Is there a connection between Nabokov’s science and his literary work? It is hard to resist the temptation of associating Lolita with butterflies, especially the Lolita seen through the lens of Humbert Humbert’s desperate love. But this is prob­ ably too facile. The issue is discussed in an essay by Stephen Jay Gould with the suggestive title ‘There is No Science without Imagination, and No Art without Facts: The Butter­ flies of Vladimir Nabokov’, in which he argues that Nabokov’s acute focus, his almost obsessive concern for observation and detail, is at the root of both his success as a butterfly collector and his technique as a novelist. Which is probably true. Nabokov himself has written: ‘A writer must have the pre­cision of a poet and the imagination of a scientist.’

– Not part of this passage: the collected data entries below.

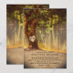 Convites de casamento elegantes e vintage com um lago romântico em um cenário florestal, uma velha árvore rústica com um coração esculpido e suas iniciais dentro, e um modelo de casamento personalizável.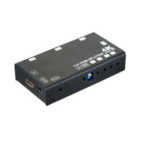 Разветвитель HDMI (1вх./4вых.); Разрешение до 1080p/36бит (Deep Color) и 4Kx2K (3840x2160/60Гц, YCbCr 4:2:0); Поддержка 3D и HDCP; Скорость передачи данных до 10,2Гбит/с; Расширенные настройки EDID; Вх. - HDMI(A)/Роз.2,1х5мм(DC5V). Вых. - HDMI(A)x4; DC5В /1000мА (БП в комплекте); -5°...+35°C; 115x25x62мм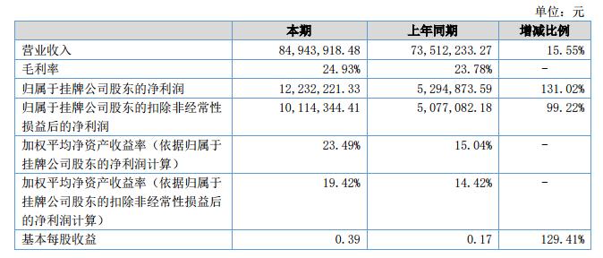 報(bào)告期內(nèi)公司實(shí)現(xiàn)營(yíng)業(yè)收入84,943,918.48元,較上年同期增長(zhǎng)了15.55%;營(yíng)業(yè)成本63,765,742.24元,較上年同期增加了13.8%;實(shí)現(xiàn)凈利潤(rùn)12,232,221.33元,較上年同期增長(zhǎng)了131.02%;成本的增長(zhǎng)率低于營(yíng)業(yè)收入的增長(zhǎng)率,公司的盈利能力不斷增強(qiáng)。報(bào)告期內(nèi),公司總資產(chǎn)84,241,638.37元,同比增長(zhǎng)10.43%,凈資產(chǎn)58,247,931.26元,同比增長(zhǎng)了26.58%。?

To me this doesn’t seem enough. In 1948, in a passage inserted into Speak, Memory, one of the most celebrated liter­ary biographies of the twentieth century, Nabokov writes in his luxuriant, exacting prose:

The mysteries of mimicry had a special attraction for me. Its phenomena showed an artistic perfection usually associated with man-­wrought things. Consider the imitation of oozing poison by bubblelike macules on a wing (complete with pseudo­-refraction) or by glossy yellow knobs on a chrysalis (‘Don’t eat me – I have already been squashed, sampled and rejected’). Consider the tricks of an acrobatic caterpillar (of the Lobster Moth) which in infancy looks like bird dung, but after molting develops scrabbly hymenopteroid append­ages and baroque characteristics, allowing the extraordinary fellow to play two parts at once (like the actor in Oriental shows who becomes a pair of intertwined wrestlers): that of a writhing larva and that of a big ant seemingly harrowing it. When a certain moth resembles a certain wasp in shape and color, it also walks and moves its antennae in a waspish, unmothlike manner.

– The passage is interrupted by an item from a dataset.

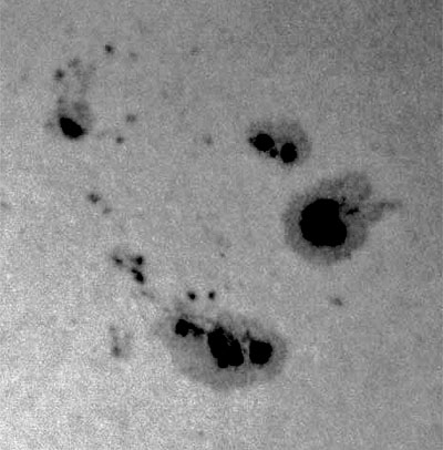 Tuned way off-band, you can see the naked-eye group pg sunspots in region 9601.

When a butterfly has to look like a leaf, not only are all the details of a leaf beautifully rendered but markings mimicking grub­bored holes are generously thrown in. ‘Natural selection’, in the Darwinian sense, could not explain the miraculous coincidence of imitative aspect and imitative behaviour, nor could one appeal to the theory of ‘the struggle for life’ when a protective device was carried to a point of mimetic subtlety, exuberance and luxury far in excess of a predator’s power of appreciation. I discovered in nature the nonutilitarian delights that I sought in art. Both were a form of magic, both were a game of intricate enchant­ment and deception.

There’s a lot more here than the capacity to notice details with obsessive attention. There is also, not least, the capacity to see beauty.

Even when our attention alights on something moment­arily and then slides away. On the wings of a butterfly. Or the sound – ‘Lo­li­ta’ – of an unforgettable name.